The main physical outcome has been the four new digital display units, located in patient waiting areas at the Royal London Hospital. Giving patients and visitors new ways of exploring the hospital’s history through the archive collections has helped them understand their own place in the story. This approach has also made waiting a little more fun and interesting and helped to positively impact day-to-day life at the Trust’s largest hospital. This supports Barts Health NHS Trust’s aim to provide the best possible patient experience, a key strand of the Trust’s Quality Strategy, as well as a key aim for Barts Charity, the funders of the project.
The project has also been hugely beneficial for us. We have developed new skills and documented approaches for community engagement and community-focused interpretation which we hope to use in future projects.

Multiple languages were available through the digital display
Describe what you learned from the process: What went well? What didn’t go quite as well?
The engagement in the project from the local community was really positive from the start. Recruitment of participants can sometimes be a challenge for community-focused projects, but the team were able to spend time with Anna Ravenscroft, the Project Facilitator, who planned the community engagement aspects of the project in detail. This enabled a good take up, resulting in rewarding and genuinely fun workshop sessions with the Community Curators. The project workshops were the first workshops offered by the archives service – until a few years ago, we did not have a space suitable for holding workshops, and had only run student sessions in the new space. The Bringing the Collections Closer project has therefore functioned as a successful pilot for future engagement workshops.
If the project were started over again, one idea would be for us to schedule in more staff time for editing and upload of content into the system. Most of the content work was done in-house by the archives team, including the photography and photo-editing, as well as the upload of all the translated content into the software, which all took time to complete.
If someone was thinking about taking on a similar project, what would be the one piece of advice you would give them?
I would say, to ensure that participants are recognised and rewarded for their time and the expertise they bring to the project. Also, to ensure that engagement activities are as inclusive as possible. Although we could not pay the Community Curators directly, we were able to give them vouchers equivalent to a fair hourly rate to show that their time and commitment was valued.
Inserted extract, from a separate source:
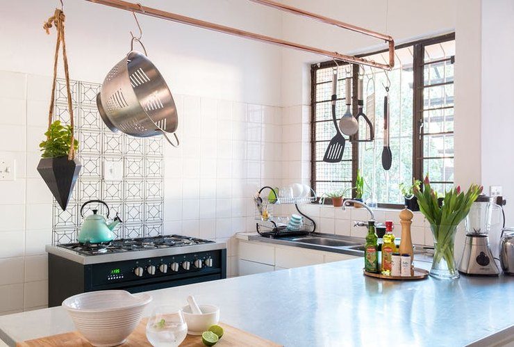 Когда речь заходит о небольшой кухне, поднимаем голову вверх и используем как можно рациональнее настенное и потолочное пространство.Рейлинг для кухонной утвари

Time commitment from Community Curators was a careful consideration and so project workshops were offered on a variety of days and times, as well as budgeting for interpreters to attend workshops, to make the project as inclusive as possible.

The digital display next to a waiting area
How will this work be developed in the future?
We plan to apply for further funding from Barts Charity to purchase more display units to bring content to more spaces at the Royal London Hospital. We also want to explore the potential for similar projects, focusing on other hospitals in the Trust.
We would like to build on the great new contacts made through the project with colleagues across the Trust. For example, working on participatory projects with the local community, work which has already resulted in new activities. This includes the visit of a group of young carers and young people with life-limiting conditions to the archives, and the recruitment of new members to the organisation’s governance committee.